The Iranian nuclear issue is too dangerous to be left unresolved.  A military strike against Iran would run the risk of setting the whole Middle East alight.  Worse still, it would almost certainly not eliminate the Iran nuclear programme, but would impel them to weaponise it.

Yes, sanctions have indirectly helped to bring Iran to a more reasonable position. Voters in Iran demanded an improvement in relations with the West so as to ease the economic stress.

But there is plenty of resentment against the West because of sanctions. It would be a bad mistake to believe that a further tightening of the screw would either collapse the regime or force it to surrender. If anything, the siege economy strengthens the regime.

Henry Kissinger once said that he wished Iran could behave more like a state and less like a cause. The signs are that many people in the country and the regime want Iran to be a normal country. Yes, there are still radical thugs, but there are also pragmatists and reformists.

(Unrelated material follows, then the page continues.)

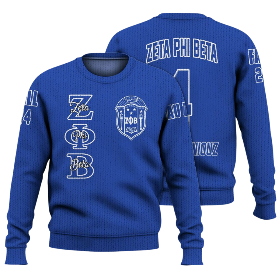 Zeta Phi Beta Sorority Chenille Sweater 1920 ZPhiB Knit Blue White Greek Life Divine Nine Premium Letter Sweater

Once before in 2001 and 2003, when the reformists last had the upper hand in Iranian politics, the West gave them a cold shoulder, and many people have regretted it ever since. In 2003, the Iranians offered the West a nuclear deal that it would certainly grab today.

There are countries in the Middle East that, for their own political reasons, will do anything to prevent a settlement with Iran. Some Gulf States play up the Iranian threat so as to put themselves forward as indispensable allies of the United States. The citizens of these same states fund the West’s enemies in the form of Al Qaeda affiliates.

For Israel, the fears are more understandable.  But even Ehud Barak has said the Iran is not and cannot be an “existential threat” to Israel. Iran is a weak country militarily, whose entire air force could quickly be wiped out by that of Abu Dhabi.

The outline of a settlement of the nuclear issue is known already and attainable:  a combination of shipping out some stocks of uranium, limiting the number of centrifuges, capping the level of enrichment and, at the same time, insisting Iran accepts much more intrusive inspections.

 But the West will have to recognise Iran’s insistence on self-sufficiency in the fuel cycle.  Closing Fordow, or the whole nuclear programme, is a non-starter.

The window for a deal will not remain open indefinitely.  President Rouhani has indicated as much.  His own position will be undermined if the West drags its feet. A deal with appropriate safeguards is in the interest not just of Iran but also of the West.

This is almost certainly the last opportunity to resolve this matter peacefully.  It would be a tragedy not to give peace a chance.